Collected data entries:
•••••

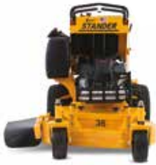
STANDER SM 3618,5
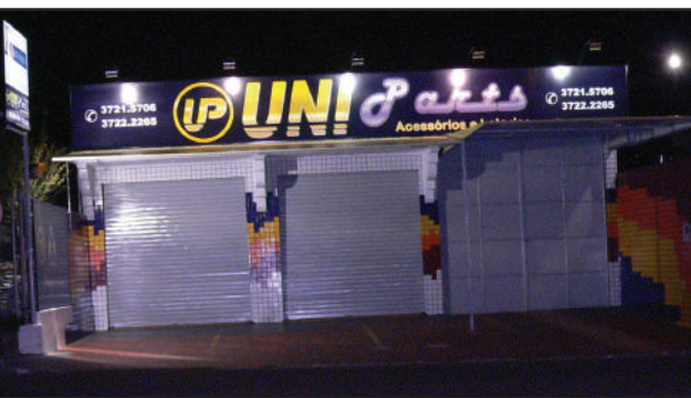
Fachada da UniParts: mais uma opção na região
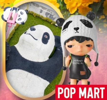
หมีแพนด้าเซลฟ์
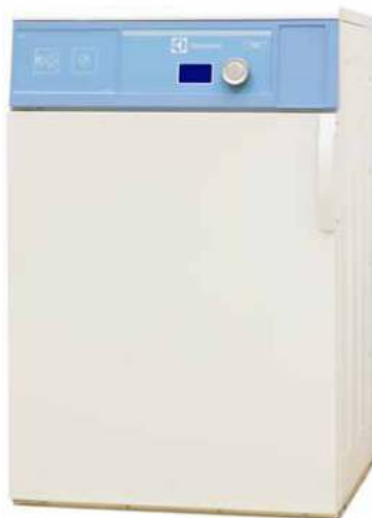
Esitetyt kuvat ovat vain tuotteen esittelyä varten ja erilaisuuksia saattaa olla todelliseen malliin.
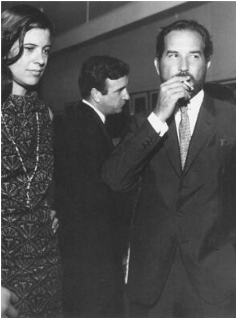
Susan Sontag com Carlos Fuentes - Anos de 1960

Fuente : Susan Sontag Papers (Coleção 612) - Library Special Collections, Charles E. Young Research Library, UCLA
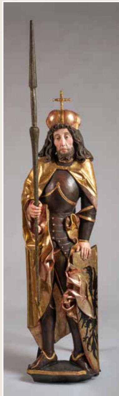
Sv. Václav z Libědic (konec 15. století).
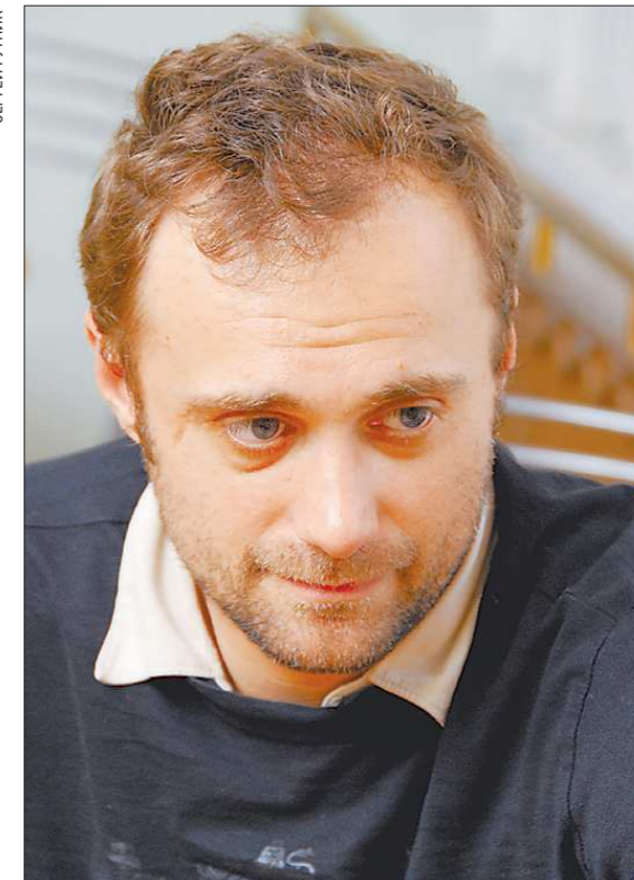
Вячеслав Самодуров, выпускник Академии русского балета им. Вагановой, начал блестящую карьеру танцовщика в Мариинском театре. В 2003-м стал премьером Королевского балета Ковент-Гарден и там же в 2010-м поставил свой первый спектакль

Екатеринбург давно признан танцевальной столицей России: феномен – в том, что в отдельно взятом городе возникли и плодотворно работают несколько данс-коллективов, ставших сегодня брендом в жанре современного танца. Не случайно именно в Екатеринбурге родился и каждый раз со-
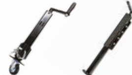
Kriko ДОМКРАТ ДЛЯ ЛОДКИ С КОЛЕСОМ BOAT JACK WHEELED
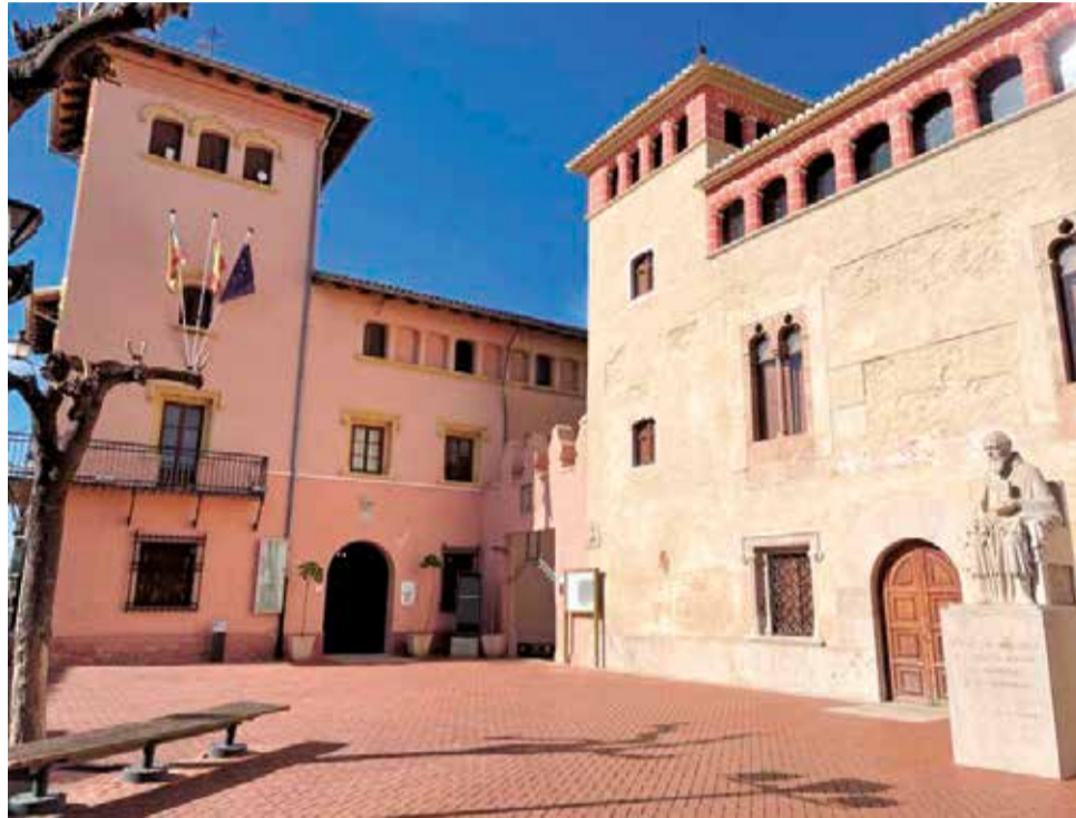
La façana de l'ajuntament d'Alfara del Patriarca.

Així mateix, la instructora es va inhibir de les actuacions en favor dels Jutjats de Violència sobre la Dona de València, que són competents per a prosseguir la investigació, conforme a la Llei Integral de *Viogen, en tindre la
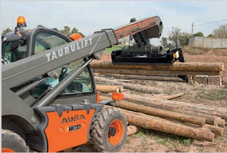
Pelle multi-usage (système Multi-tach)
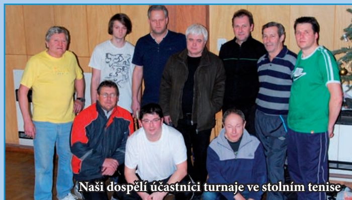
Naši dospělí účastníci turnaje ve stolním tenise
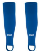
JAKO Stutzen Glasgow 2.0 4,19 €
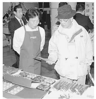
▲自慢の農産物を丁寧に説明する生産者

東京都立産業貿易センターで3月24日、「フレッシュフード海匠見本市」が開催され、生産者などが自ら市場関係者や食品産業関係者などに、旭市の農畜産物などをPRしました。会場を訪れた人たちは各ブースを回りながら、生産者の説明に耳を傾け、気に入った農産物などに次々と手を伸ばして試食をしたり、興味ある商品を見つけると積極的に名刺交換をしたりしていました。
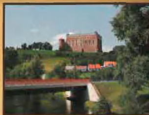
Rzeka Drwęca z widokiem na zamek

Miasto Golub-Dobrzyń położone jest w województwie kujawsko-pomorskim, około 40 km od Torunia. To jeden z ważniejszych ośrodków na ziemi chełmińskiej. Jego niewątpliwym atutem jest malowniczy krajobraz. Przez Golub-Dobrzyń przepływa rzeka Drwęca - największy prawy dopływ dolnej Wisły. Drwęca dzieli miasto na dwie części - na lewobrzeżny Dobrzyń i prawobrzeżny Golub. Od 1999 roku miasto jest siedzibą władz powiatowych. Obecnie Golub-Dobrzyń liczy około 12 tysięcy mieszkańców.
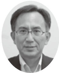
宮城県大阪事務所所長 (関西宮城県人会事務局長)
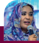
جواهر الشريف . أكشن سبورت

دشن سعادة السفير كمال علي عثمان طه، القنصل العام بسفارة السودان بجدة، انطلاقاً امتحانات الشهادة الثانوية المؤجلة للعام 2025م، أمس الاثنين، بمركز القنصلية العامة لجمهورية السودان بجدة داخل مباني جامعة جدة بحي الفيصلية، وسط ترتيبات تنظيمية محكمة وإشراف مباشر من الجهات المختصة. وقرع سعادته جرس البداية في تمام الساعة الثالثة عصراً بتوقيت مكة المكرمة إيداً بانطلاق الجلسة الأولى، بحضور رؤساء اللجان الفرعية والملحقين، قبل أن يجري جولة تفقدية على عدد من قاعات الامتحان بمركزي البنين والبنات، متمنياً للطلاب والطالبات التوفيق والسداد. وشهد مركز الامتحانات بجدة هذا العام أعداداً قياسية، إذ بلغ عدد الجالسين 3,890 طالباً وطالبة من السودانيين والأجانب، ويُعزى ذلك إلى توافد أعداد مقدره من الأسر والطلاب إلى المملكة العربية السعودية بصورة عامة، وإلى المنطقة الغربية والجنوبية بصورة خاصة خلال الفترة الماضية.
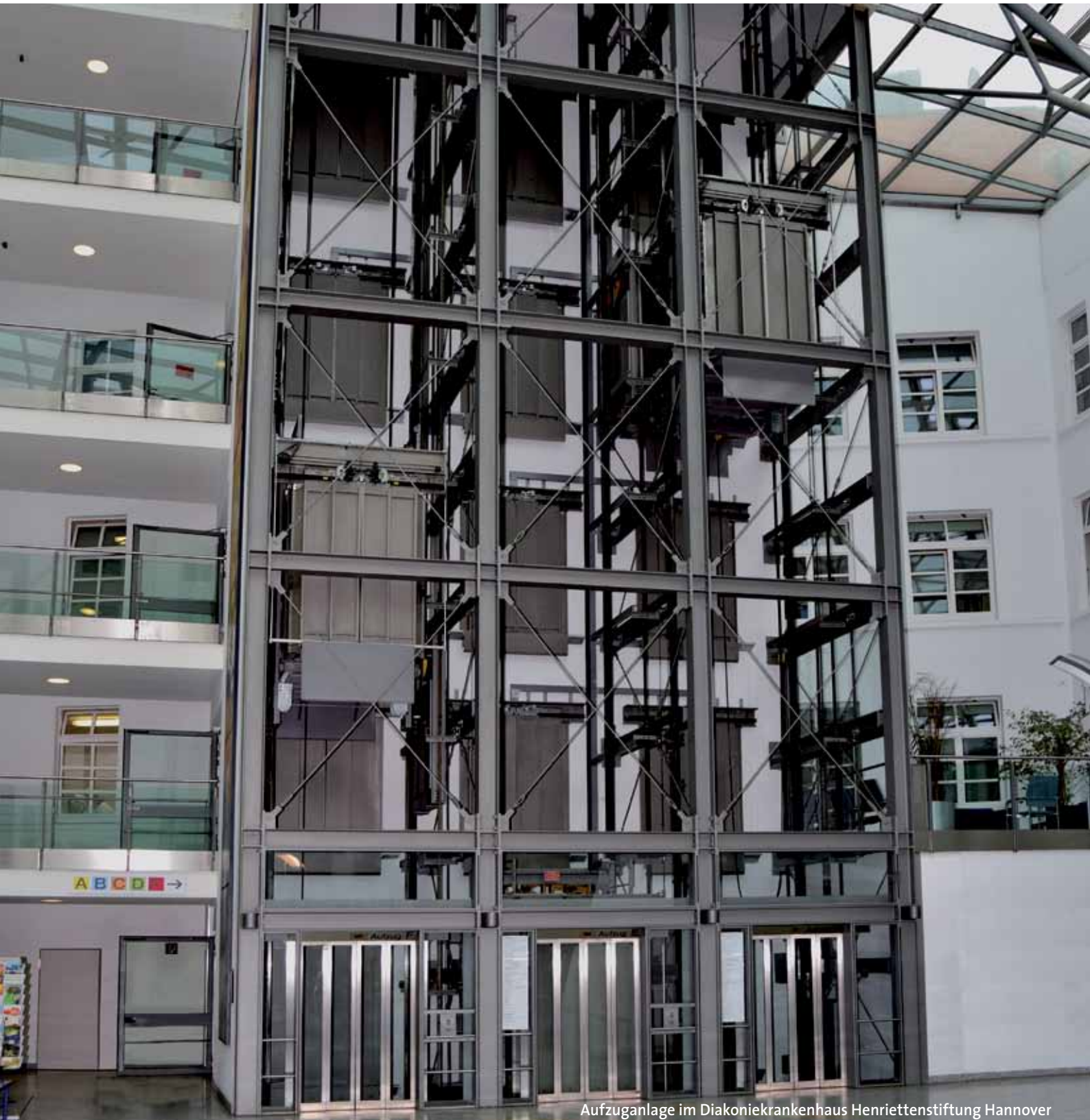
Aufzugsanlage im Diakoniekrankenhaus Henriettenstiftung Hannover
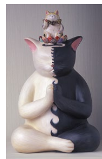
「猫の一生」(もりわじん作)
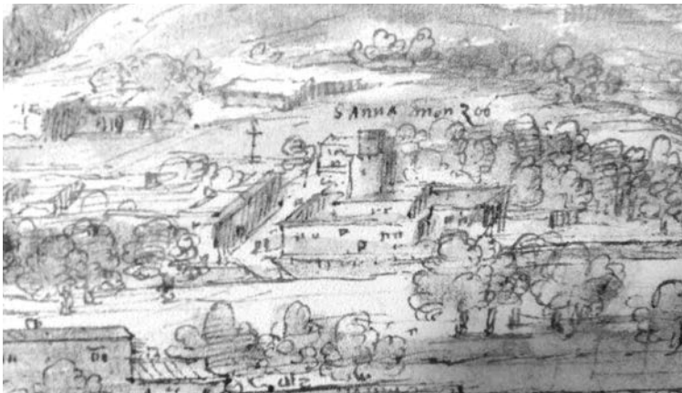
Figura 4. Detall del convent de Santa Anna a les Vistes de Morvedre d'Anthonie van den Wijngaerde.

A més dels edificis conventuals, a Morvedre també s'establí un beateri de dones al barri de sant Domènec (Santa Anna). Segons Chabret: " En el año 1348 algunas mujeres piadosas fundaron un beaterio en una casa que existía extramuros de la villa de Murviostro, donde hoy se levanta el convento de monjas de Santa Ana. " 17 Els beateris, fora de la tutela eclesiàstica, eren cases de dones (tot i que també existien d'homes) que practicaven una vida religiosa de manera autònoma i sense seguir cap vot o regla monacal. Freqüentment, eren sostingudes per amplis sectors de la noblesa i comptaven amb l'ajuda d'un sacerdot secular o un frare mendicant que dirigia la seua vida espiritual. Atesa la importància que anaven adquirint, l'Església va voler limitar-ne la influència, i les van obligar a adoptar una regla monàstica o que s'adscrigueren a un orde monàstic preexistent, per tant, apuntem la possibilitat que algunes d'aquestes laiques morvedrines adoptaren finalment la regla de sant Agustí, a finals del segle XV, i es convertiren en monges servites. 18
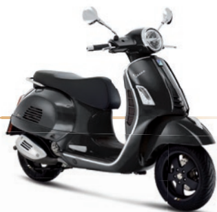
Schwarz Vulcano XN2 (98/A)
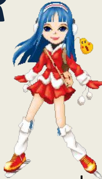
Le patinage artistique
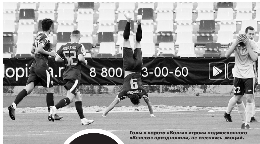
Голы в ворота «Волги» игроки подмосковного «Велеса» праздновали, не стесняясь эмоций.

- Было несколько предложений, но ни одно не срослось, - говорит КУЗНЕЦОВ. - Не исключено, что завершу карьеру, хотя мог бы поиграть еще несколько лет - силы есть. Правда, задумываюсь и о тренерской стезе. Не исключаю, что в ближайшее время начну учиться на категорию С. И все же надеюсь, что
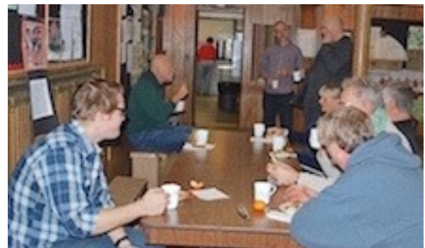
Pēc padarītā darba seko kafijas krūze ar uzkodām
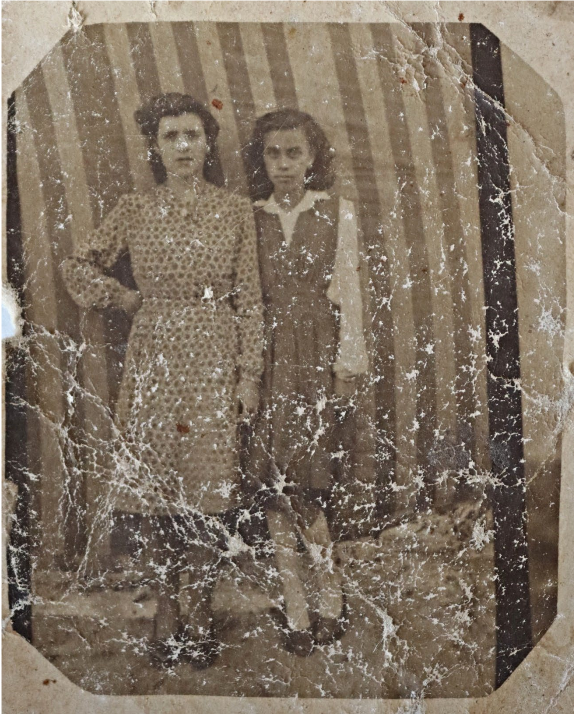
Figura 25 – Grupo de mulheres, meados do século XX.
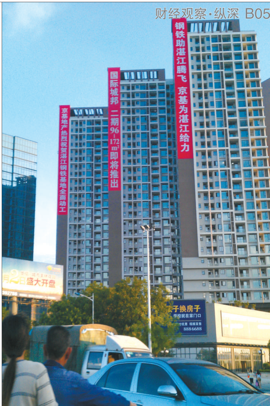
5月31日,湛江市市区一家楼盘挂上“钢铁助湛江腾飞”的条幅。

宝钢集团董事长徐乐江此前对媒体介绍,作为节能环保的保证,宝钢在湛江钢铁项目中投入80亿元资金和116项先进成熟技术,该项目在节能减排的指标设计上向世界一流水平看齐,项目实现吨钢综合能耗575千克标煤,处于国内领先水平。

•••••

PROBLEM TO SOLVE. Your answer should be every entry repeated exactly, minus the pictures.

ANSWER BOX.
STANDER SM 3618,5
Fachada da UniParts: mais uma opção na região
หมีแพนด้าเซลฟ์
Esitetyt kuvat ovat vain tuotteen esittelyä varten ja erilaisuuksia saattaa olla todelliseen malliin.
Susan Sontag com Carlos Fuentes - Anos de 1960

Fuente : Susan Sontag Papers (Coleção 612) - Library Special Collections, Charles E. Young Research Library, UCLA
Sv. Václav z Libědic (konec 15. století).
Вячеслав Самодуров, выпускник Академии русского балета им. Вагановой, начал блестящую карьеру танцовщика в Мариинском театре. В 2003-м стал премьером Королевского балета Ковент-Гарден и там же в 2010-м поставил свой первый спектакль

Екатеринбург давно признан танцевальной столицей России: феномен – в том, что в отдельно взятом городе возникли и плодотворно работают несколько данс-коллективов, ставших сегодня брендом в жанре современного танца. Не случайно именно в Екатеринбурге родился и каждый раз со-
Kriko ДОМКРАТ ДЛЯ ЛОДКИ С КОЛЕСОМ BOAT JACK WHEELED
La façana de l'ajuntament d'Alfara del Patriarca.

Així mateix, la instructora es va inhibir de les actuacions en favor dels Jutjats de Violència sobre la Dona de València, que són competents per a prosseguir la investigació, conforme a la Llei Integral de *Viogen, en tindre la
Pelle multi-usage (système Multi-tach)
Naši dospělí účastníci turnaje ve stolním tenise
JAKO Stutzen Glasgow 2.0 4,19 €
▲自慢の農産物を丁寧に説明する生産者

東京都立産業貿易センターで3月24日、「フレッシュフード海匠見本市」が開催され、生産者などが自ら市場関係者や食品産業関係者などに、旭市の農畜産物などをPRしました。会場を訪れた人たちは各ブースを回りながら、生産者の説明に耳を傾け、気に入った農産物などに次々と手を伸ばして試食をしたり、興味ある商品を見つけると積極的に名刺交換をしたりしていました。
Rzeka Drwęca z widokiem na zamek

Miasto Golub-Dobrzyń położone jest w województwie kujawsko-pomorskim, około 40 km od Torunia. To jeden z ważniejszych ośrodków na ziemi chełmińskiej. Jego niewątpliwym atutem jest malowniczy krajobraz. Przez Golub-Dobrzyń przepływa rzeka Drwęca - największy prawy dopływ dolnej Wisły. Drwęca dzieli miasto na dwie części - na lewobrzeżny Dobrzyń i prawobrzeżny Golub. Od 1999 roku miasto jest siedzibą władz powiatowych. Obecnie Golub-Dobrzyń liczy około 12 tysięcy mieszkańców.
宮城県大阪事務所所長 (関西宮城県人会事務局長)
جواهر الشريف . أكشن سبورت

دشن سعادة السفير كمال علي عثمان طه، القنصل العام بسفارة السودان بجدة، انطلاقاً امتحانات الشهادة الثانوية المؤجلة للعام 2025م، أمس الاثنين، بمركز القنصلية العامة لجمهورية السودان بجدة داخل مباني جامعة جدة بحي الفيصلية، وسط ترتيبات تنظيمية محكمة وإشراف مباشر من الجهات المختصة. وقرع سعادته جرس البداية في تمام الساعة الثالثة عصراً بتوقيت مكة المكرمة إيداً بانطلاق الجلسة الأولى، بحضور رؤساء اللجان الفرعية والملحقين، قبل أن يجري جولة تفقدية على عدد من قاعات الامتحان بمركزي البنين والبنات، متمنياً للطلاب والطالبات التوفيق والسداد. وشهد مركز الامتحانات بجدة هذا العام أعداداً قياسية، إذ بلغ عدد الجالسين 3,890 طالباً وطالبة من السودانيين والأجانب، ويُعزى ذلك إلى توافد أعداد مقدره من الأسر والطلاب إلى المملكة العربية السعودية بصورة عامة، وإلى المنطقة الغربية والجنوبية بصورة خاصة خلال الفترة الماضية.
Aufzugsanlage im Diakoniekrankenhaus Henriettenstiftung Hannover
「猫の一生」(もりわじん作)
Figura 4. Detall del convent de Santa Anna a les Vistes de Morvedre d'Anthonie van den Wijngaerde.

A més dels edificis conventuals, a Morvedre també s'establí un beateri de dones al barri de sant Domènec (Santa Anna). Segons Chabret: " En el año 1348 algunas mujeres piadosas fundaron un beaterio en una casa que existía extramuros de la villa de Murviostro, donde hoy se levanta el convento de monjas de Santa Ana. " 17 Els beateris, fora de la tutela eclesiàstica, eren cases de dones (tot i que també existien d'homes) que practicaven una vida religiosa de manera autònoma i sense seguir cap vot o regla monacal. Freqüentment, eren sostingudes per amplis sectors de la noblesa i comptaven amb l'ajuda d'un sacerdot secular o un frare mendicant que dirigia la seua vida espiritual. Atesa la importància que anaven adquirint, l'Església va voler limitar-ne la influència, i les van obligar a adoptar una regla monàstica o que s'adscrigueren a un orde monàstic preexistent, per tant, apuntem la possibilitat que algunes d'aquestes laiques morvedrines adoptaren finalment la regla de sant Agustí, a finals del segle XV, i es convertiren en monges servites. 18
Schwarz Vulcano XN2 (98/A)
Le patinage artistique
Голы в ворота «Волги» игроки подмосковного «Велеса» праздновали, не стесняясь эмоций.

- Было несколько предложений, но ни одно не срослось, - говорит КУЗНЕЦОВ. - Не исключено, что завершу карьеру, хотя мог бы поиграть еще несколько лет - силы есть. Правда, задумываюсь и о тренерской стезе. Не исключаю, что в ближайшее время начну учиться на категорию С. И все же надеюсь, что
Pēc padarītā darba seko kafijas krūze ar uzkodām
Figura 25 – Grupo de mulheres, meados do século XX.
5月31日,湛江市市区一家楼盘挂上“钢铁助湛江腾飞”的条幅。

宝钢集团董事长徐乐江此前对媒体介绍,作为节能环保的保证,宝钢在湛江钢铁项目中投入80亿元资金和116项先进成熟技术,该项目在节能减排的指标设计上向世界一流水平看齐,项目实现吨钢综合能耗575千克标煤,处于国内领先水平。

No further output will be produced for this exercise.